HOW TO COMPLETE THIS TASK -> Without the pictures, print each of the records below exactly as it appears.

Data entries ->
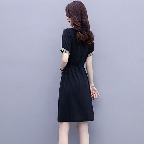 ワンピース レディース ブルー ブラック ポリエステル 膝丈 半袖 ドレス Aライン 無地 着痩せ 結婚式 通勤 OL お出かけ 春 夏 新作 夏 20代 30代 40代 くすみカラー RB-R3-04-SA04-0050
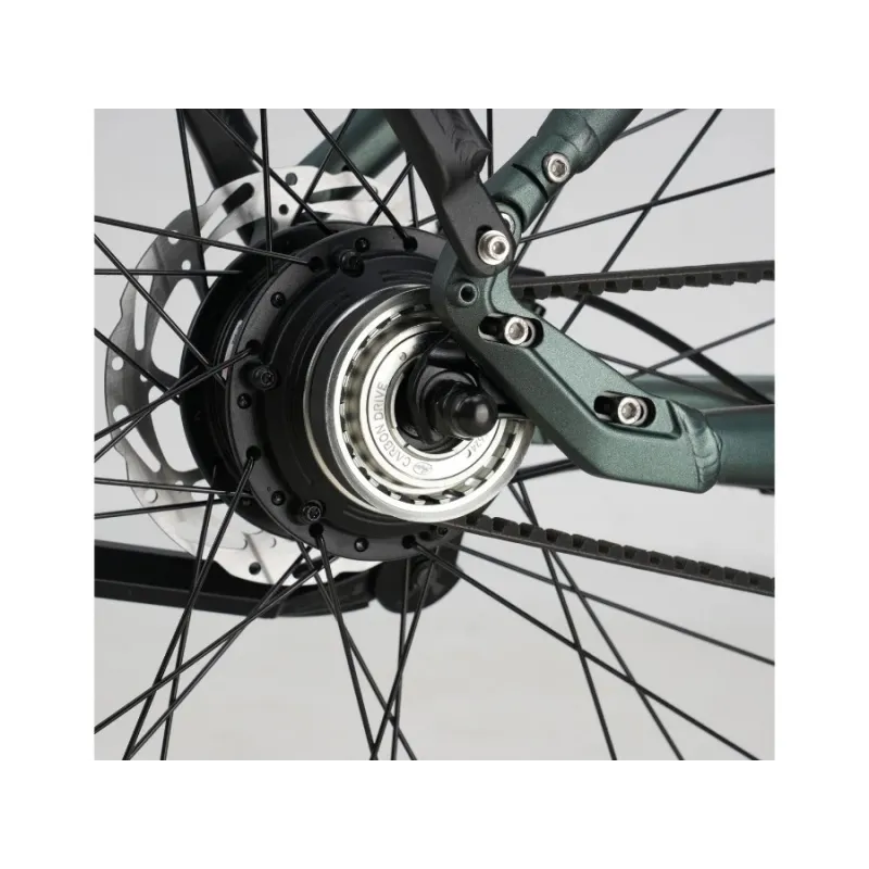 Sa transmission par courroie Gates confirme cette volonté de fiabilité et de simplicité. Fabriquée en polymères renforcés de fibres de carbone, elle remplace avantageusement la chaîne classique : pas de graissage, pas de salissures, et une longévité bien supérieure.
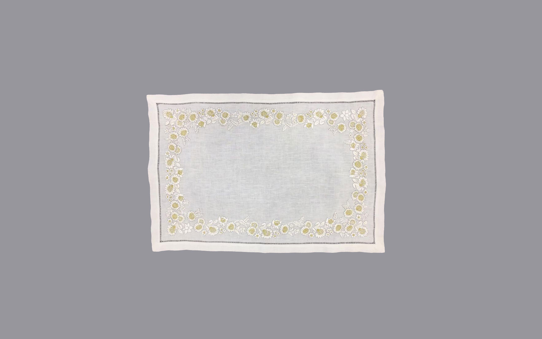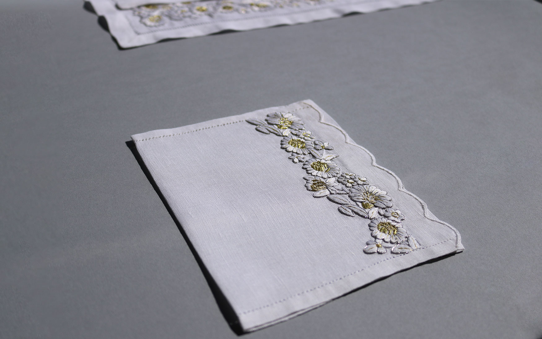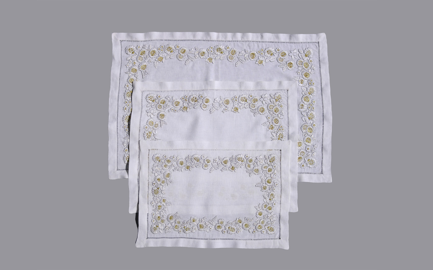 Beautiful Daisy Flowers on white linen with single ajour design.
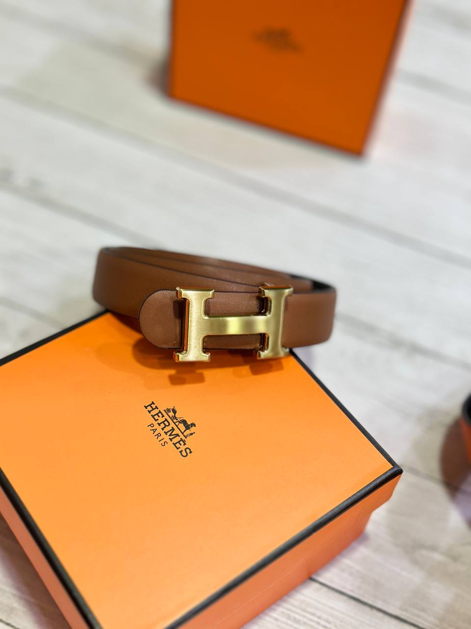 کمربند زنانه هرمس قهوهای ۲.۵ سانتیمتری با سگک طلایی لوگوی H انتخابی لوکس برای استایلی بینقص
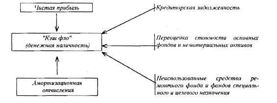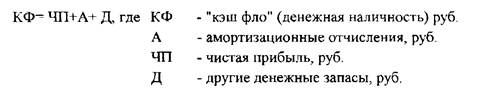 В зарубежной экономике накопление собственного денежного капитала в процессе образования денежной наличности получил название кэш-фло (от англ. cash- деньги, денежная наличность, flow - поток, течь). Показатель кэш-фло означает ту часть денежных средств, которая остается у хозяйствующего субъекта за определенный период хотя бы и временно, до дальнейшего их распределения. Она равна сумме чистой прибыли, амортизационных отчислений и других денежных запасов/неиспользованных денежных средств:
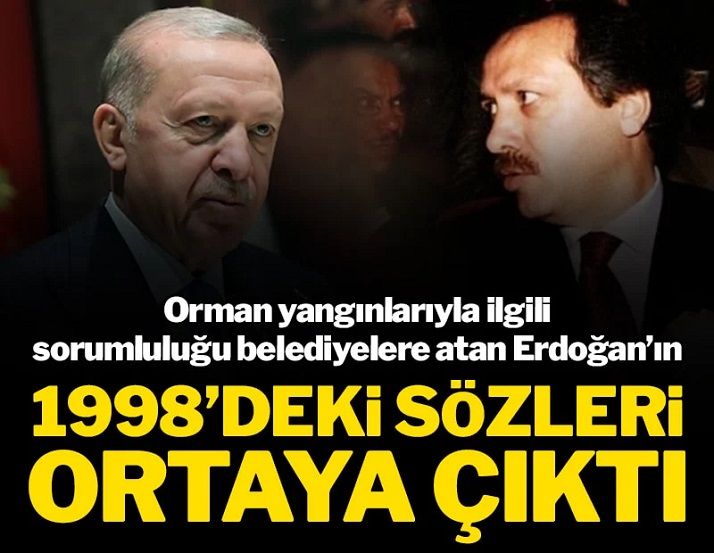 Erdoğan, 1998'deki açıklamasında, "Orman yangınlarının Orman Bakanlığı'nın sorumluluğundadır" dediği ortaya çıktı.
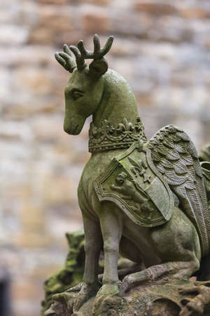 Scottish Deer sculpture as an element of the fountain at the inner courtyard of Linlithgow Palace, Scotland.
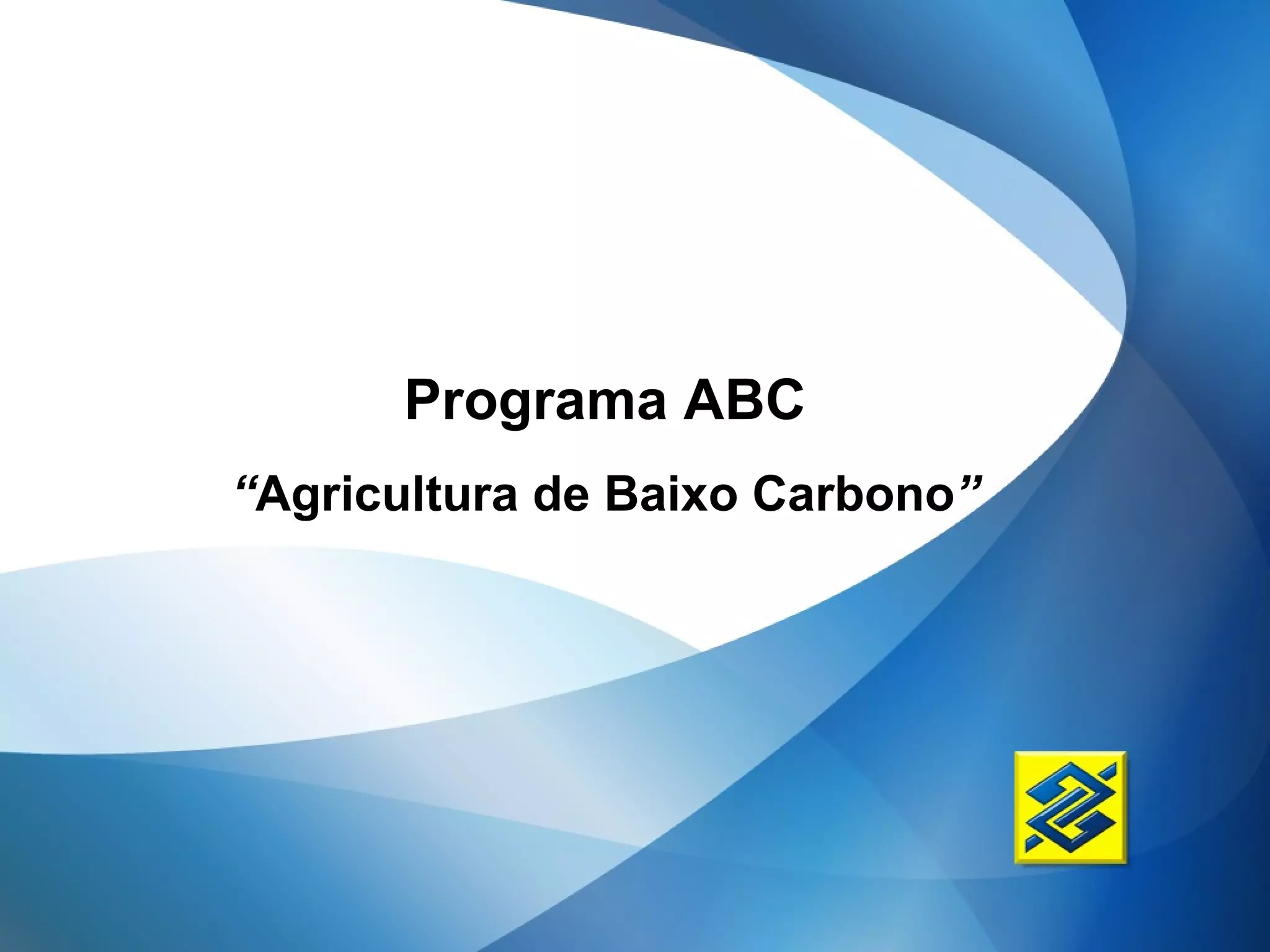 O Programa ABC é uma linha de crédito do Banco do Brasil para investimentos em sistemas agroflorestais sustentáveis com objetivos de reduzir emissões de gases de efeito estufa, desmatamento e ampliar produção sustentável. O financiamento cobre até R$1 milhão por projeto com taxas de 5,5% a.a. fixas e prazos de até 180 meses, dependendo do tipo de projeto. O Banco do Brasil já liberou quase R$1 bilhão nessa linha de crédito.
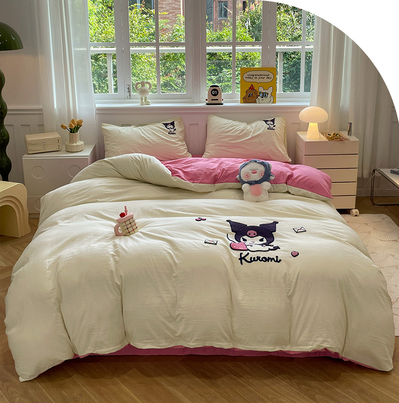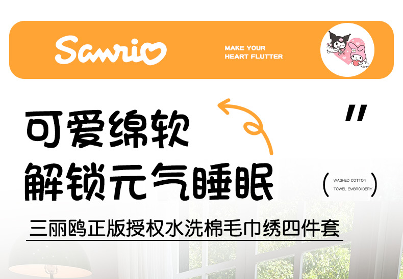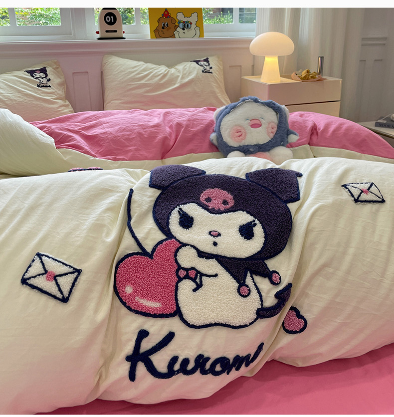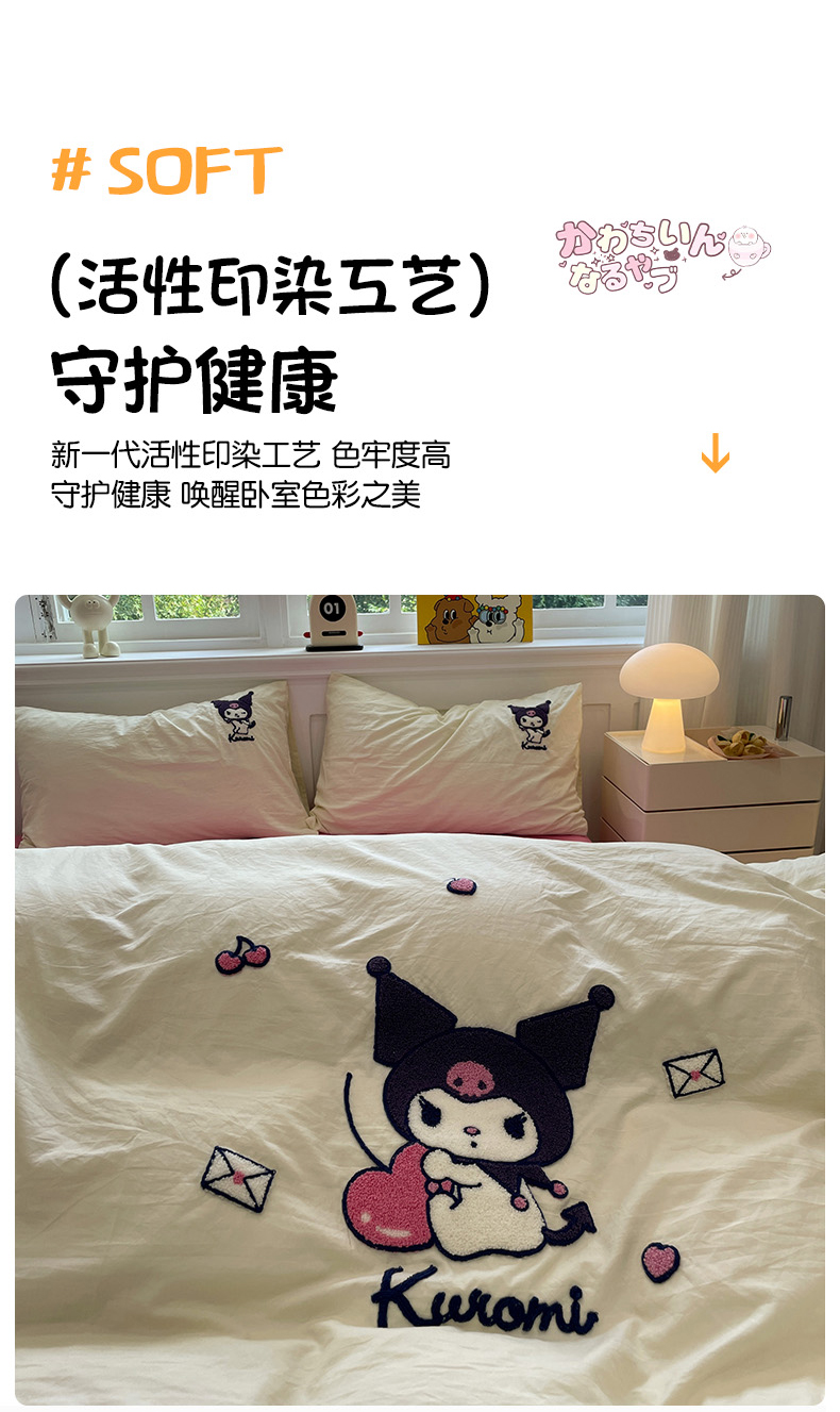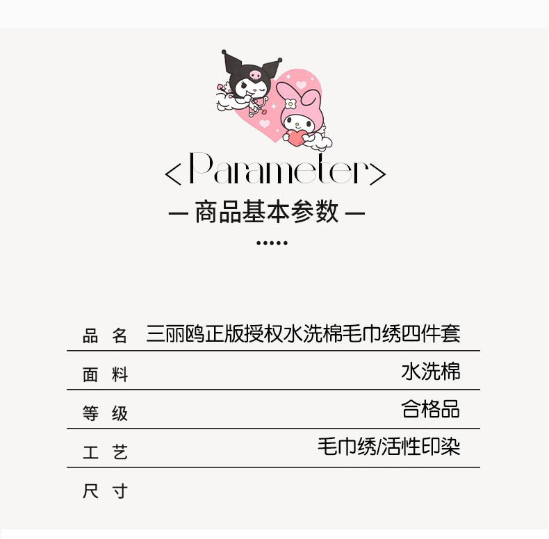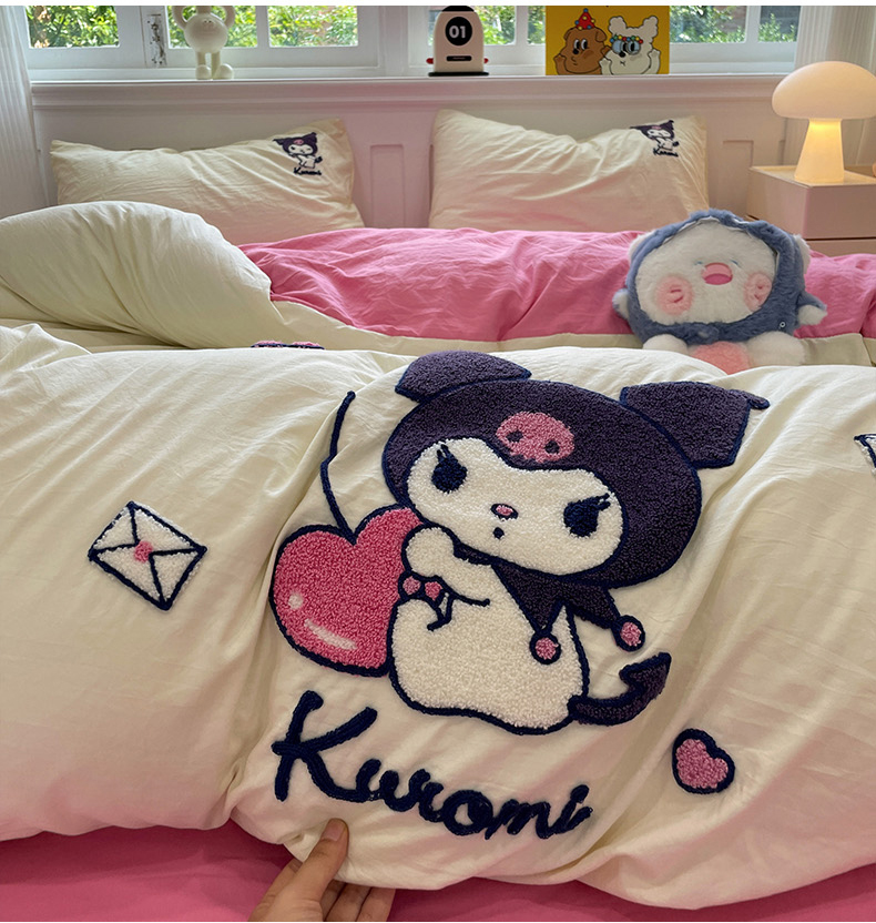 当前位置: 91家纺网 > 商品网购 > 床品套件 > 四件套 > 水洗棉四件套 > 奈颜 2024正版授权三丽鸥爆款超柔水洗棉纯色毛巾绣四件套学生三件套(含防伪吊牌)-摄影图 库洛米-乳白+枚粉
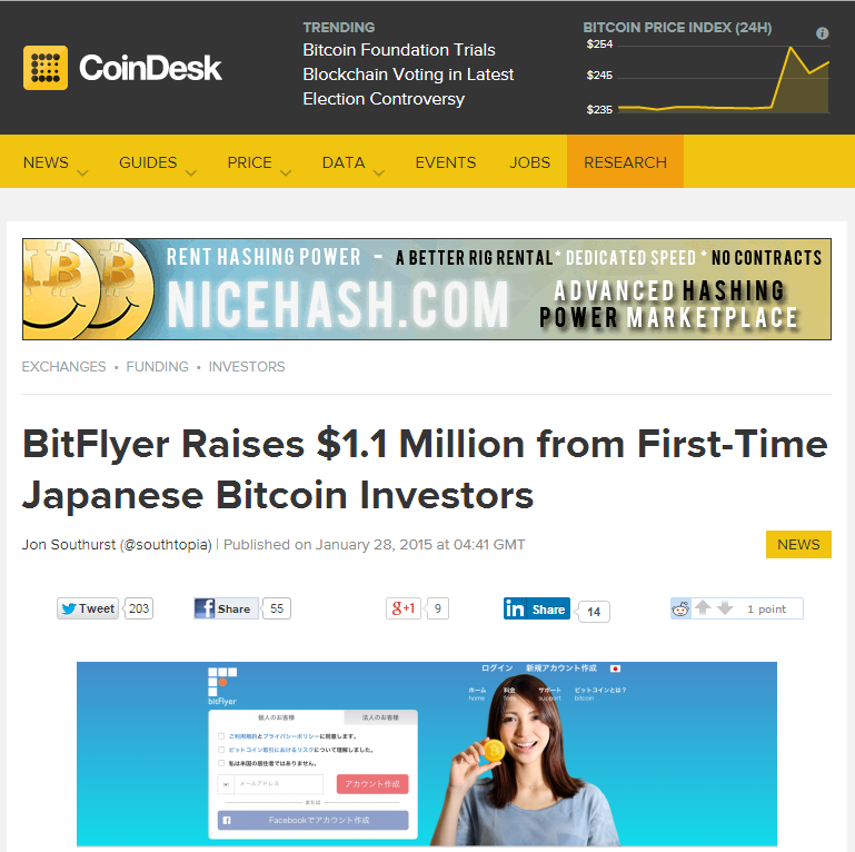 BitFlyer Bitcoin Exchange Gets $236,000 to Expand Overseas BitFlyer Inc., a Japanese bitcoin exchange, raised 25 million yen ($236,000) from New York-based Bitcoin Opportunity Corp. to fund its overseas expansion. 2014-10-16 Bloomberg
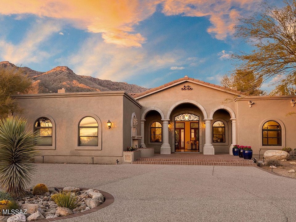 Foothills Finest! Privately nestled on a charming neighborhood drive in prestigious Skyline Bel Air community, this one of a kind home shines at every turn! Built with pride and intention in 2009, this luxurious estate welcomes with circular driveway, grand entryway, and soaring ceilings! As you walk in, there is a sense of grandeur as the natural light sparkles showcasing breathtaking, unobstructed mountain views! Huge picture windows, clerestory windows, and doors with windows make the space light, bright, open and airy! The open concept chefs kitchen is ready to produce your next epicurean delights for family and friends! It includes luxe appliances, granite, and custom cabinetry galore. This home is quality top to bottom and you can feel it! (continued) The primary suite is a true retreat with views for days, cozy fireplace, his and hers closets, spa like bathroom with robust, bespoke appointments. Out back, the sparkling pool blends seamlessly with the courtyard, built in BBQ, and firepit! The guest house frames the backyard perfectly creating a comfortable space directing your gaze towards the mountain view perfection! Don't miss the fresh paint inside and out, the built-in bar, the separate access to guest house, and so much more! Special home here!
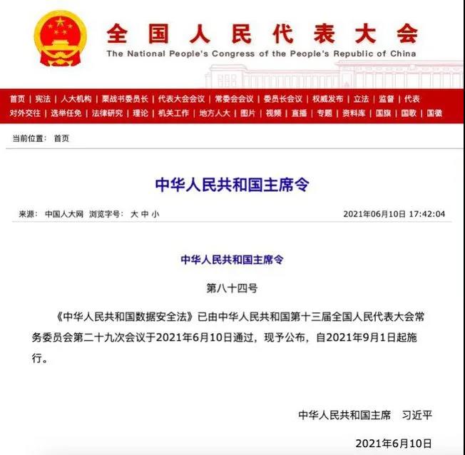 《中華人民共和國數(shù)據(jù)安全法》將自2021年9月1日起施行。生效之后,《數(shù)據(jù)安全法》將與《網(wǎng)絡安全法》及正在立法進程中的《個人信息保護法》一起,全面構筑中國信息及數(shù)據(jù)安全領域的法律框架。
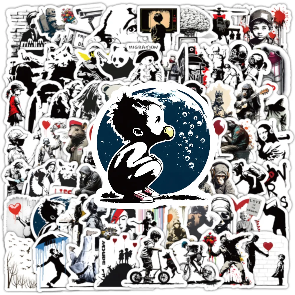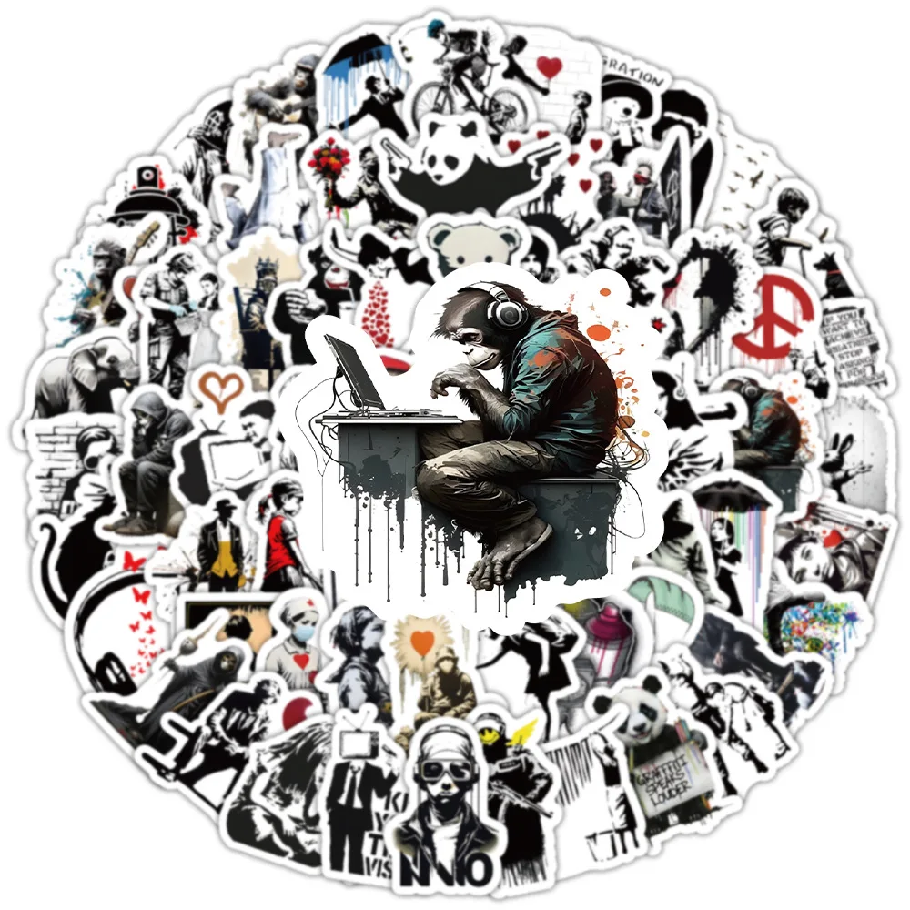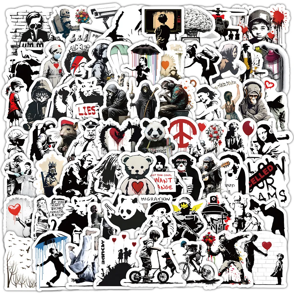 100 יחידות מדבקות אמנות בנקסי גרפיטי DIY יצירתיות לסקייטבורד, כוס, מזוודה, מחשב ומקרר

RESPONSE ->
 ワンピース レディース ブルー ブラック ポリエステル 膝丈 半袖 ドレス Aライン 無地 着痩せ 結婚式 通勤 OL お出かけ 春 夏 新作 夏 20代 30代 40代 くすみカラー RB-R3-04-SA04-0050
 Sa transmission par courroie Gates confirme cette volonté de fiabilité et de simplicité. Fabriquée en polymères renforcés de fibres de carbone, elle remplace avantageusement la chaîne classique : pas de graissage, pas de salissures, et une longévité bien supérieure.
 Beautiful Daisy Flowers on white linen with single ajour design.
 کمربند زنانه هرمس قهوهای ۲.۵ سانتیمتری با سگک طلایی لوگوی H انتخابی لوکس برای استایلی بینقص
 В зарубежной экономике накопление собственного денежного капитала в процессе образования денежной наличности получил название кэш-фло (от англ. cash- деньги, денежная наличность, flow - поток, течь). Показатель кэш-фло означает ту часть денежных средств, которая остается у хозяйствующего субъекта за определенный период хотя бы и временно, до дальнейшего их распределения. Она равна сумме чистой прибыли, амортизационных отчислений и других денежных запасов/неиспользованных денежных средств:
 Erdoğan, 1998'deki açıklamasında, "Orman yangınlarının Orman Bakanlığı'nın sorumluluğundadır" dediği ortaya çıktı.
 Scottish Deer sculpture as an element of the fountain at the inner courtyard of Linlithgow Palace, Scotland.
 O Programa ABC é uma linha de crédito do Banco do Brasil para investimentos em sistemas agroflorestais sustentáveis com objetivos de reduzir emissões de gases de efeito estufa, desmatamento e ampliar produção sustentável. O financiamento cobre até R$1 milhão por projeto com taxas de 5,5% a.a. fixas e prazos de até 180 meses, dependendo do tipo de projeto. O Banco do Brasil já liberou quase R$1 bilhão nessa linha de crédito.
 当前位置: 91家纺网 > 商品网购 > 床品套件 > 四件套 > 水洗棉四件套 > 奈颜 2024正版授权三丽鸥爆款超柔水洗棉纯色毛巾绣四件套学生三件套(含防伪吊牌)-摄影图 库洛米-乳白+枚粉
 BitFlyer Bitcoin Exchange Gets $236,000 to Expand Overseas BitFlyer Inc., a Japanese bitcoin exchange, raised 25 million yen ($236,000) from New York-based Bitcoin Opportunity Corp. to fund its overseas expansion. 2014-10-16 Bloomberg
 Foothills Finest! Privately nestled on a charming neighborhood drive in prestigious Skyline Bel Air community, this one of a kind home shines at every turn! Built with pride and intention in 2009, this luxurious estate welcomes with circular driveway, grand entryway, and soaring ceilings! As you walk in, there is a sense of grandeur as the natural light sparkles showcasing breathtaking, unobstructed mountain views! Huge picture windows, clerestory windows, and doors with windows make the space light, bright, open and airy! The open concept chefs kitchen is ready to produce your next epicurean delights for family and friends! It includes luxe appliances, granite, and custom cabinetry galore. This home is quality top to bottom and you can feel it! (continued) The primary suite is a true retreat with views for days, cozy fireplace, his and hers closets, spa like bathroom with robust, bespoke appointments. Out back, the sparkling pool blends seamlessly with the courtyard, built in BBQ, and firepit! The guest house frames the backyard perfectly creating a comfortable space directing your gaze towards the mountain view perfection! Don't miss the fresh paint inside and out, the built-in bar, the separate access to guest house, and so much more! Special home here!
 《中華人民共和國數(shù)據(jù)安全法》將自2021年9月1日起施行。生效之后,《數(shù)據(jù)安全法》將與《網(wǎng)絡安全法》及正在立法進程中的《個人信息保護法》一起,全面構筑中國信息及數(shù)據(jù)安全領域的法律框架。
 100 יחידות מדבקות אמנות בנקסי גרפיטי DIY יצירתיות לסקייטבורד, כוס, מזוודה, מחשב ומקרר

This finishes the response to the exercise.